Sam tried to nod. Tried to say thank you. Instead he felt his eyes close, and this time he didn’t fight them.
“That’s some damn strong liquor,” he said, and the words were hard to form and seemed to echo in his own ears.
“It’s a proprietary blend,” the kid said. “I add a little custom touch to it.”
Wish you’d mentioned that earlier, Savage Sam Jones thought but didn’t say, couldn’t say. His eyes were still closed, and he felt his head lolling forward on a suddenly slackening neck.
I need some water, he thought. I need some help.
When Savage Sam Jones slumped forward in his chair, Dax Blackwell didn’t move. He waited a few minutes, calm and patient, before pulling on thin gloves and checking for a pulse.
Nothing. The old man’s flesh was already cooling. His heart had stopped.

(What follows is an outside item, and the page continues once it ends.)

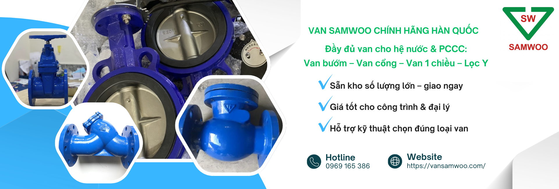 Van Samwoo là dòng van công nghiệp đến từ Samwoo Valve Co., Ltd. (Hàn Quốc), được sử dụng phổ biến trong các hệ thống cấp thoát nước, PCCC, HVAC và nhà máy công nghiệp. Sản phẩm của Samwoo nổi bật nhờ chất lượng ổn định, độ bền cao và giá thành hợp lý so với các thương hiệu châu Âu.

Long after he was certain of this, Dax Blackwell kept his hand on the man’s wrist and his gaze on the man’s closed eyes. He studied the tableau of death where life had flourished just minutes ago, until Dax’s arrival on the doorstep of this man now turned corpse.
Finally, reluctantly, he released him.
There was business to do, and time was wasting.
He kept the gloves on while he wiped down the whiskey glass and the PBR can and the desk. Sam’s old chair swiveled under his weight, turning the dead man away from the door. Dax carefully turned the chair back so that his face would greet the next visitor.
When he left, he took the bottle.
18
The neurologist’s last name is Pine, and if he has a first name, he doesn’t offer it to Tara. He is Dr. Pine, period. He has a pleasant smile and smart, penetrating eyes and the kind of self-assured bearing that gives you confidence.
It gives Tara confidence, at least, until he asks her to blink.